#### What to produce:
Only the lines from the top of the listing below through the line containing "1 — осока бледная;" should be output, exactly and with no pictures.
# # # # #
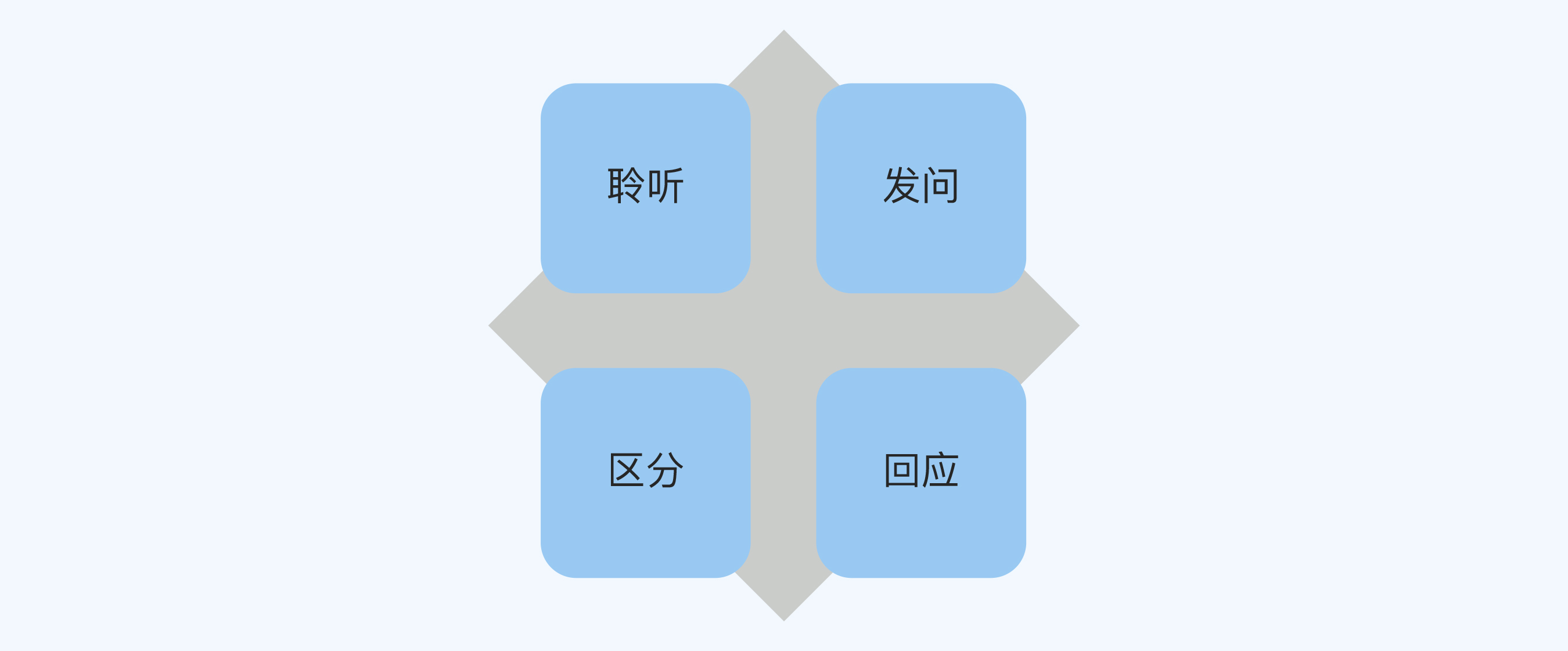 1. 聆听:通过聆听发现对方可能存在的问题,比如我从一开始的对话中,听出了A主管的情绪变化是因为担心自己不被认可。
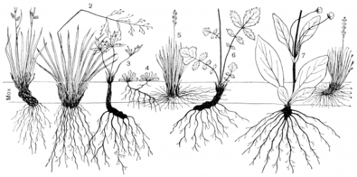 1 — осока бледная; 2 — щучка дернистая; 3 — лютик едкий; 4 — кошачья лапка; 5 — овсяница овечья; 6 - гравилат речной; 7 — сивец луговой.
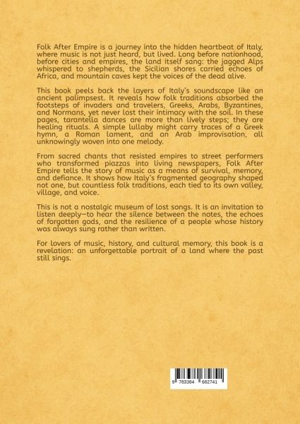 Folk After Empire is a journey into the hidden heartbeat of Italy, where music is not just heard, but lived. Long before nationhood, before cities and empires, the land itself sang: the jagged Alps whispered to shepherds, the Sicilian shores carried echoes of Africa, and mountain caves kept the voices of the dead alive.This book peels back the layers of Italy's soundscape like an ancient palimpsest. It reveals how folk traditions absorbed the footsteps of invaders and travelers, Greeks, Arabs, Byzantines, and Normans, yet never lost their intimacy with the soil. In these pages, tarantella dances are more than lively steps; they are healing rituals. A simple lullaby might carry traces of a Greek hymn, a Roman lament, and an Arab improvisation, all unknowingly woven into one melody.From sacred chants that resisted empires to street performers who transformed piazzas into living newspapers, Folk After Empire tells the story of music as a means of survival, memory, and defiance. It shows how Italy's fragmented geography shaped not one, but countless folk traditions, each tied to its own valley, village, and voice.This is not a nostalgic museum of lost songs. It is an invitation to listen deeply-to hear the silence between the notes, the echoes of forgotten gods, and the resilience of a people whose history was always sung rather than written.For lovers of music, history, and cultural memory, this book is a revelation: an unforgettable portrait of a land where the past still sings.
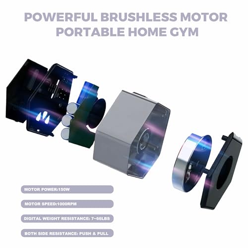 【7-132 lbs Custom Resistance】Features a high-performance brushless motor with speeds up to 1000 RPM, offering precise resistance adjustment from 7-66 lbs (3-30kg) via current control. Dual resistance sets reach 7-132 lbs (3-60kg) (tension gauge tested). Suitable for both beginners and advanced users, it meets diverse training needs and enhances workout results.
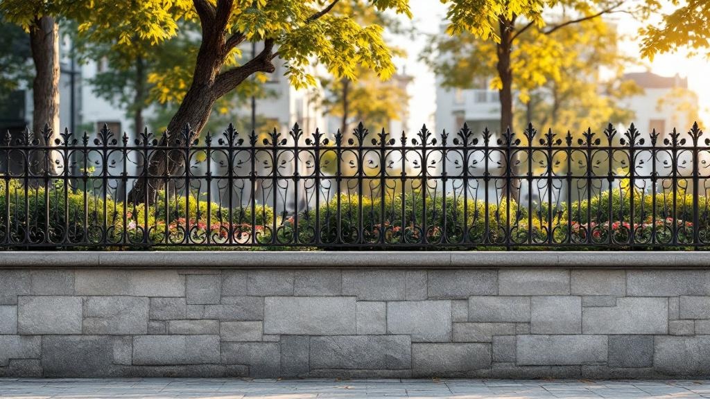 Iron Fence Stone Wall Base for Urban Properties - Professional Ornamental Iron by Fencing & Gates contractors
# # # # #
#### Written reply:
 1. 聆听:通过聆听发现对方可能存在的问题,比如我从一开始的对话中,听出了A主管的情绪变化是因为担心自己不被认可。
 1 — осока бледная; 2 — щучка дернистая; 3 — лютик едкий; 4 — кошачья лапка; 5 — овсяница овечья; 6 - гравилат речной; 7 — сивец луговой.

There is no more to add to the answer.